The Restricted Stock Units that may be granted under Article 2 of the Plan constitute Restricted Share Unit Awards under Article 8 of the Omnibus Plan. The Performance Stock Units that may be granted under Article 2 of the Plan constitute Performance Share Awards under Article 9 of the Omnibus Plan.

 

The Plan shall be administered pursuant to Article 2 of the Omnibus Plan.

 

Eligibility

 

As of the effective date, the Plan is available to the Chief Executive Officer (CEO), the Chief Operating Officer (COO), the President, and the Chief Financial Officer (CFO) (as determined by the Committee or its delegee) of Olympic Steel, Inc. (the “Company” or “Olympic Steel”). Notwithstanding the foregoing, additional future participants may become eligible as determined by the Committee or its delegee. Notwithstanding the foregoing, no participant under the Plan shall have any rights to any of the Awards described herein unless and until definitive Award Agreements are issued pursuant to the terms of the Omnibus Plan.

 

Effective Date

 

The Plan is effective January 1, 2022 and runs annually from January 1 to December 31 of each year, with a grant contemplated at the beginning of each year. The Plan may be changed, amended, suspended or terminated by the Committee and the Board of Directors; provided, however, that no amendment of the Plan will adversely affect any Award previously granted hereunder unless agreed to in writing by the Company and the recipient of such Award.

 

 

 

ARTICLE 2 – STOCK AND CASH INCENTIVE

 

 

Annual Grant -Restricted Stock Units, Performance Stock Units and Cash Incentives:

 

In each calendar year, the Committee may award eligible participants a long-term incentive of both a Restricted Stock Unit (“RSU”) grant and a Performance Stock Unit (“PSU”) grant pursuant to the Omnibus Plan, with such terms and conditions as set forth in this Plan. The date upon which any RSU or PSU is granted is referred to herein as the “RSU Grant Date” or “PSU Grant Date” respectively. Additionally, the Committee may offer a long-term cash incentive (“Cash Incentive”) to supplement both the RSU and PSU grants in order to arrive at the Total Long-Term Award Target, as identified on Appendix A. The Total Long-Term Award Target will be identified and communicated to the participants by the Committee on an annual basis. The Cash Incentive will be service-based, and performance-based and shall be split equally between the service and performance metrics, as outlined on Appendix A. The performance-based Cash Incentive will be calculated in the same fashion as the PSU, as outlined in Appendix B. An example of an annual grant can be found in Appendix A.

 

Notwithstanding the forgoing, if the Company’s stock value on the date of the RSU Grant Date and PSU Grant Date is sufficient to meet the Total Long Term Award Target, no Cash Incentive will be awarded to the participant.

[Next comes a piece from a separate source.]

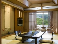 Все номера в японском стиле с татами. Существует гостевая комната с открытым небом, и открытая ванная онсен.

In order to receive an annual grant of the RSUs, PSUs and, if applicable, the Cash Incentive, the participant must be employed by the Company on the applicable grant date.

The PSUs will vest if certain performance thresholds are met, as outlined in Appendix B.

 

Vesting

 

Except in the situations provided below, each RSU Award and service-based Cash Incentive under this Plan shall vest on the date that is 3 years after the RSU Grant Date, subject to the eligible participant remaining employed by the Company through such time. Each vested RSU will convert into the right to receive one share of Olympic Steel common stock and shall be delivered to the participant as provided for below, except as may otherwise be set forth in the applicable Award Agreement. The value of the service-based Cash Incentive will not change.

 

Except in the situations provided below, each PSU Award and performance-based Cash Incentive under this Plan shall vest on the date that is 3 years after the PSU Grant Date, subject to the eligible participant remaining employed by the Company through such time and the applicable performance goals being satisfied at least at the threshold level. Each vested PSU will convert into the right to receive one share of Olympic Steel common stock and shall be delivered to the participant as provided for below, except as may otherwise be set forth in the applicable Award Agreement. The value of the PSU Award and performance-based Incentive is subject to the performance grid found in Appendix B as may be adjusted for the applicable year in which the Award is granted and set forth in the applicable Award Agreement. The Cash Incentive will be paid as provided for below.

 

The date that is 3 years following the RSU Grant Date, PSU Grant Date, or date that the Cash Incentive is granted, as applicable, is referred to herein as the “Vesting Date.”

 

Conversion and Pro-Ration:

 

In the event of the participant’s “separation from service” due to retirement at age 62 or later, death or Disability prior to applicable the vesting date, the amount of the RSU, PSU and the Cash Incentive that shall automatically vest upon such “separation from service” shall be pro-rated based on the number of days remaining until the original Vesting Date, provided, however, that for Awards that are subject to performance goals, such pro-rated amounts shall only fully vest to the extent that the applicable performance goals are ultimately satisfied. For example, assume a participant is awarded 3,000 RSUs and 3,000 PSUs and a Cash Incentive of $180,000 on January 1, 2022, the vesting date is January 1, 2025, and the participant retires on January 1, 2024. In this event (i) the participant would vest in 2,000 RSUs (3,000 x (2/3) = 2,000) as of the date of retirement, 2,000 PSUs (3,000 x (2/3) = 2,000) would have an opportunity to vest based upon the level at which the performance goals are ultimately satisfied at the end of the applicable performance period (potentially up to 150% or 3,000 PSUs in total based upon the level at which the applicable performance goals are ultimately satisfied), (iii) $60,000 in respect of the time-based Cash Incentive ($180,000 x ½ that is time-based x (2/3) = $60,000) of the Cash Incentive would vest as of the date of retirement, and (iv) up to $90,000 of the performance-based Cash Incentive ($180,000 x ½ that is performance-based x (2/3) x the applicable performance multiplier of up to 150%) could vest based upon the level at which the performance goals are ultimately satisfied.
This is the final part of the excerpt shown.